■ What the task asks ■
The copy should hold exactly the lines below from the one that contains "返済期間20年以下の「フラッ" through the one that contains "JD-BP38-1120F高壓變頻器技術(shù)參數(shù)如表3所示。" and nothing else, so no pictures.

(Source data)
#####

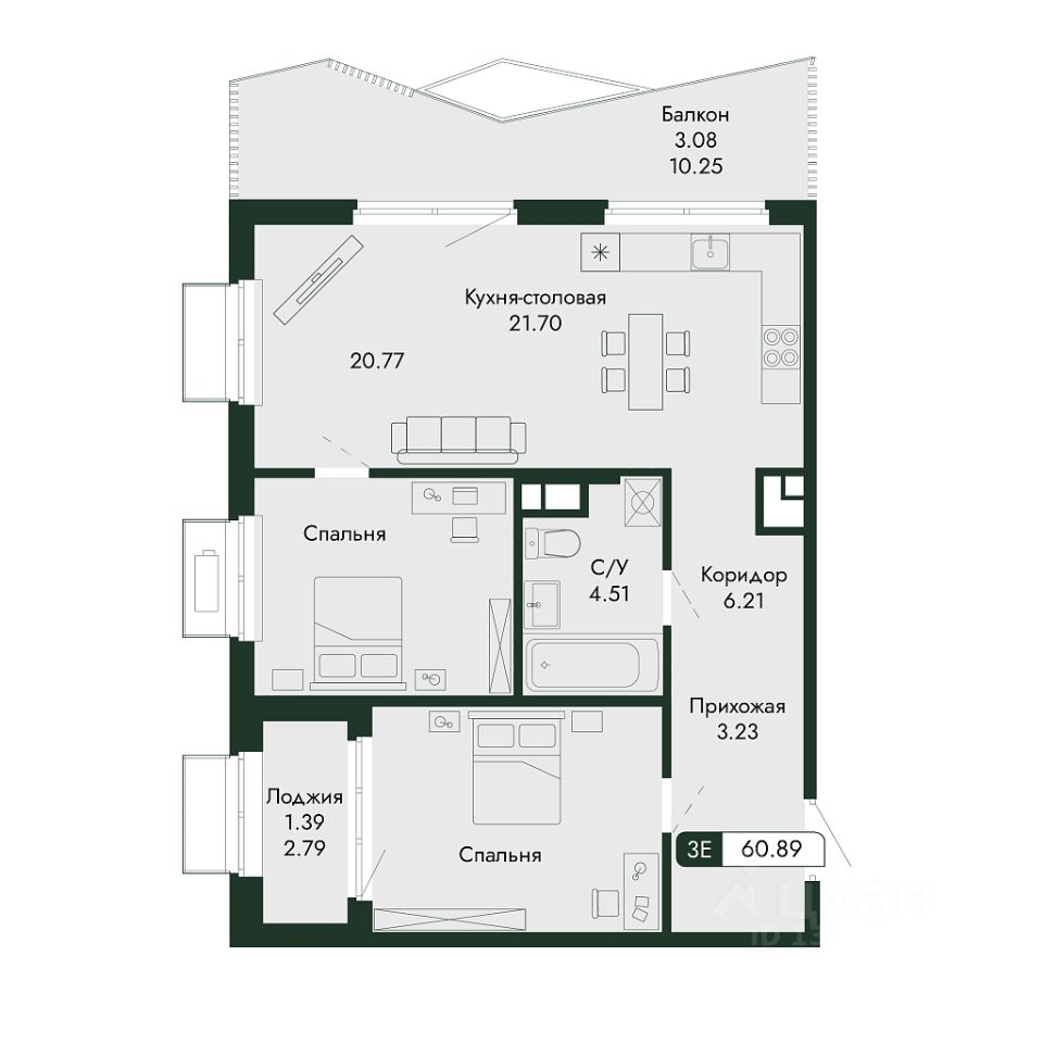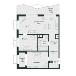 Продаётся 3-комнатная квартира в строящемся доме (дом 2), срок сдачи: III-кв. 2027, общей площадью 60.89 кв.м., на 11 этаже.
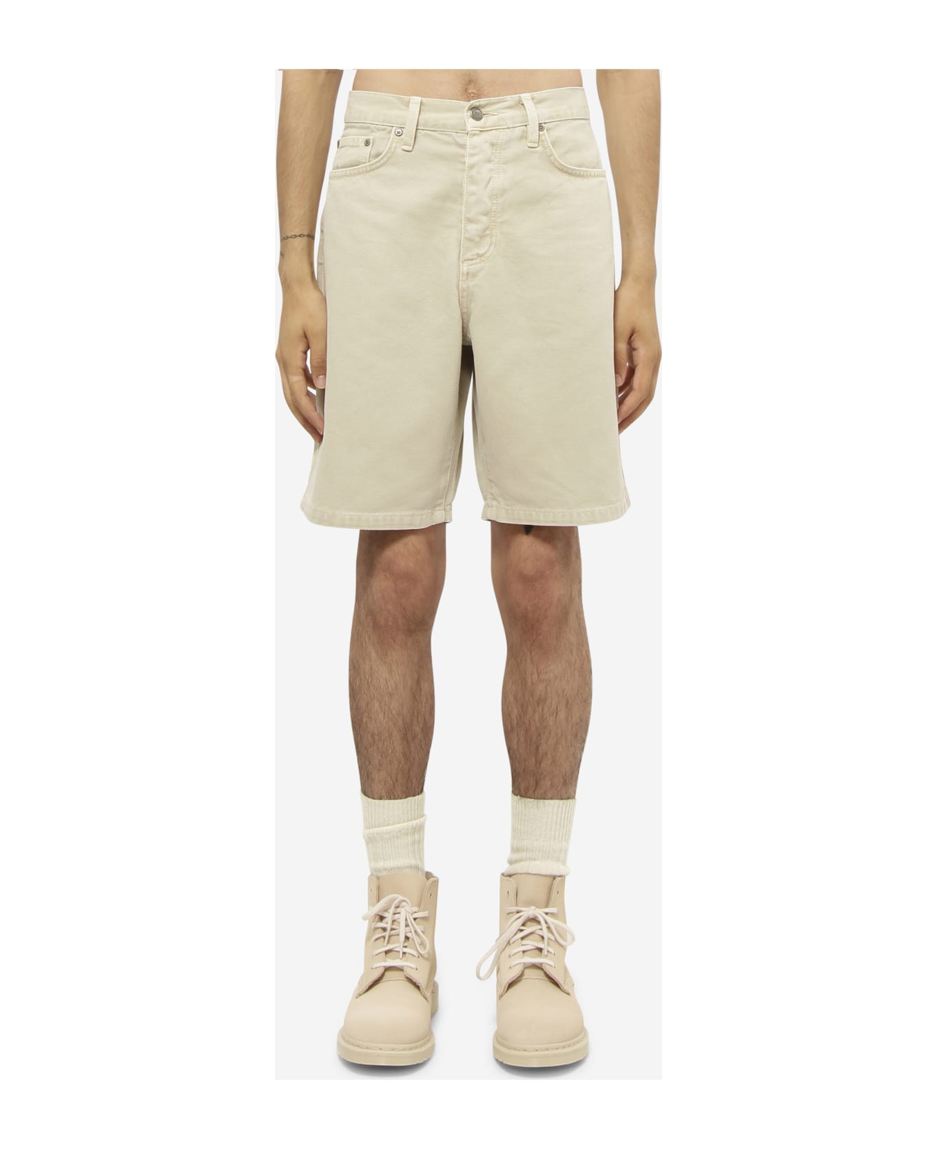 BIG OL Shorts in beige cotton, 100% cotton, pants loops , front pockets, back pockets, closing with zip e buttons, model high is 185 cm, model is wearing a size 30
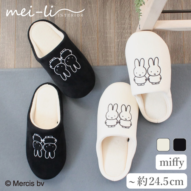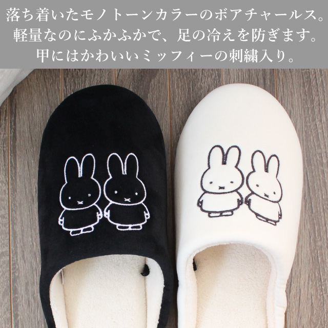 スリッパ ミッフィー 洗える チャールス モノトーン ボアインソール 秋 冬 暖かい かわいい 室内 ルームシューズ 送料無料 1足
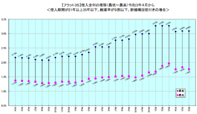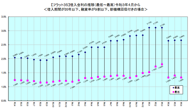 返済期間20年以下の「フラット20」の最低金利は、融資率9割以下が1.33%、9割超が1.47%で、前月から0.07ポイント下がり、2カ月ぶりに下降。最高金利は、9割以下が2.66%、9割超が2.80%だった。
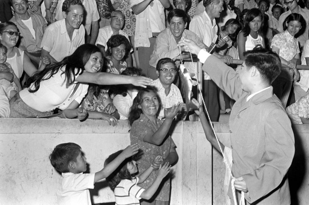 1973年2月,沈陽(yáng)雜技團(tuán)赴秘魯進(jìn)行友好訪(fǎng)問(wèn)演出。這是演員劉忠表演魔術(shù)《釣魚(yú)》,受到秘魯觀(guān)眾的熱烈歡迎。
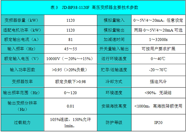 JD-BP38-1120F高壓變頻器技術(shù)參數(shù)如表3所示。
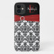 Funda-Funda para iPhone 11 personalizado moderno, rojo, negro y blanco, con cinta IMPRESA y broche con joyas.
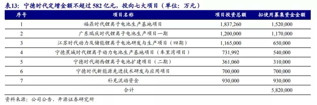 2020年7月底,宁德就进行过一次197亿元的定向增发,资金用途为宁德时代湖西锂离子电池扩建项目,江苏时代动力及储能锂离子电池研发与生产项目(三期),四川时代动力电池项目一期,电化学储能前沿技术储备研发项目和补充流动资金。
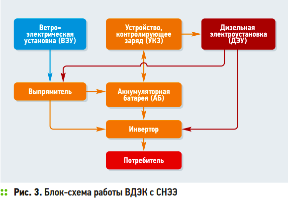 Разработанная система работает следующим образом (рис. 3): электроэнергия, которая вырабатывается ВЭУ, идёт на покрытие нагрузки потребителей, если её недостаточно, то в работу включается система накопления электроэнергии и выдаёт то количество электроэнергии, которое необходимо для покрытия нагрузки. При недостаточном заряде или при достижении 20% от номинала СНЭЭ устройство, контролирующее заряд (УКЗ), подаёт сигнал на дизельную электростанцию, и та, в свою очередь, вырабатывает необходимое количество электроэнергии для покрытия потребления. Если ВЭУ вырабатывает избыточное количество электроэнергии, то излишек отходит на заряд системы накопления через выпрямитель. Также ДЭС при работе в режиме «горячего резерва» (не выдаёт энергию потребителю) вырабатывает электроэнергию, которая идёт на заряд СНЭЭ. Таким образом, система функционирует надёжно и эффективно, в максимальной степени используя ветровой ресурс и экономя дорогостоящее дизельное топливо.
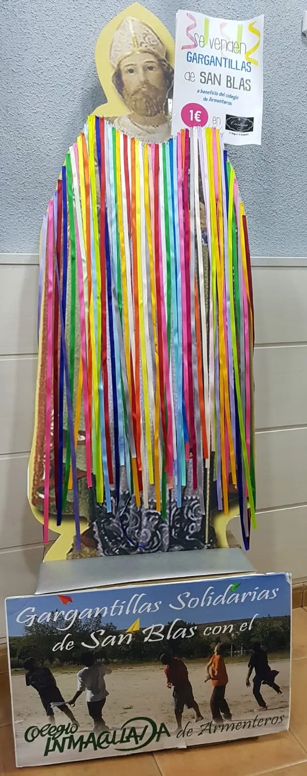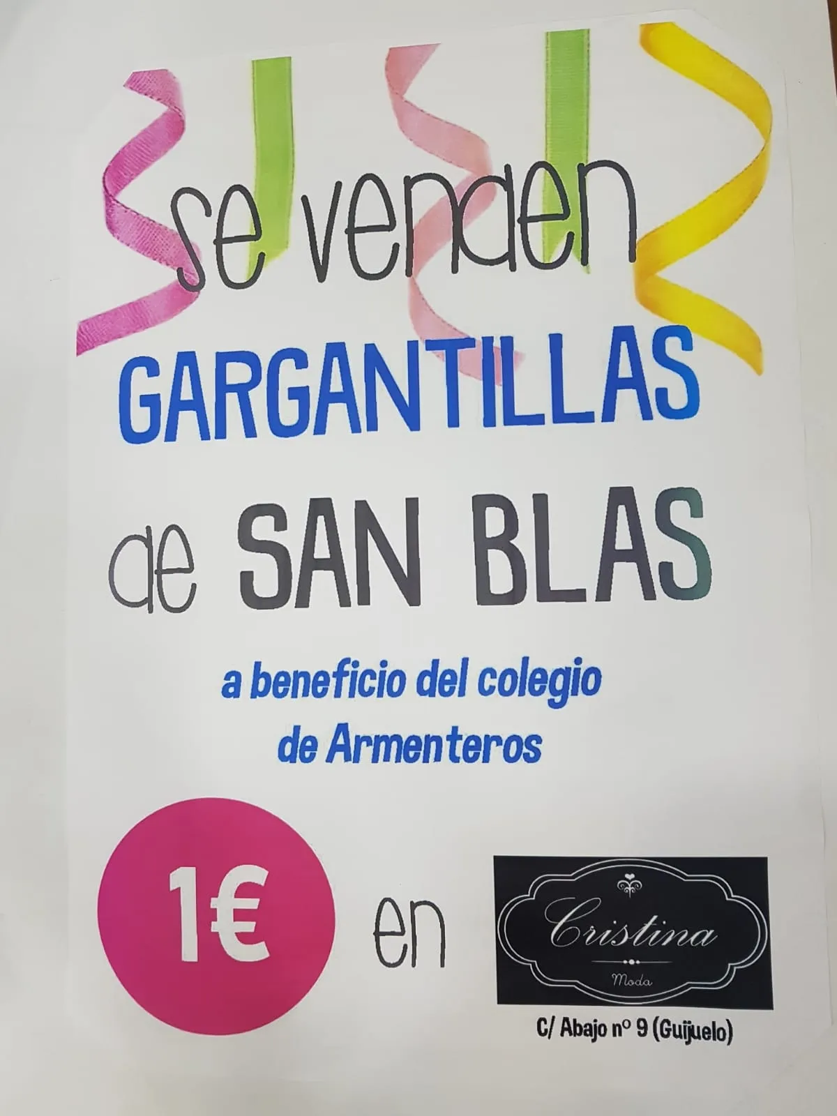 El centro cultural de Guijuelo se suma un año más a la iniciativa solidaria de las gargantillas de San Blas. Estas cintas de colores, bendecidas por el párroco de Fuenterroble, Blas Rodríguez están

#####

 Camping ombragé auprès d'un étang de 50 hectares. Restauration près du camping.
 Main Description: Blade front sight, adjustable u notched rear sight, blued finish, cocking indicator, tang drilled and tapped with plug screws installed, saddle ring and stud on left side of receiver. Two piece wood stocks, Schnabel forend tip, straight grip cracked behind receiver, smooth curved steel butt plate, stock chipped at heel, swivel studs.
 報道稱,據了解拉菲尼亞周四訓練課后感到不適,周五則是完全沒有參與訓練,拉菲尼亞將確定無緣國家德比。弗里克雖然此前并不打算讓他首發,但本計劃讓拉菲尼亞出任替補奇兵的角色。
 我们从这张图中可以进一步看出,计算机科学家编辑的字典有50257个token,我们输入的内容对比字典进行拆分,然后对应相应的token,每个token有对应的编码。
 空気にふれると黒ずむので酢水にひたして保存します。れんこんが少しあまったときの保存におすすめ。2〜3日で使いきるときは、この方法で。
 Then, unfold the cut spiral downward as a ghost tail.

#####

■ Solution below ■
 返済期間20年以下の「フラット20」の最低金利は、融資率9割以下が1.33%、9割超が1.47%で、前月から0.07ポイント下がり、2カ月ぶりに下降。最高金利は、9割以下が2.66%、9割超が2.80%だった。
 1973年2月,沈陽(yáng)雜技團(tuán)赴秘魯進(jìn)行友好訪(fǎng)問(wèn)演出。這是演員劉忠表演魔術(shù)《釣魚(yú)》,受到秘魯觀(guān)眾的熱烈歡迎。
 JD-BP38-1120F高壓變頻器技術(shù)參數(shù)如表3所示。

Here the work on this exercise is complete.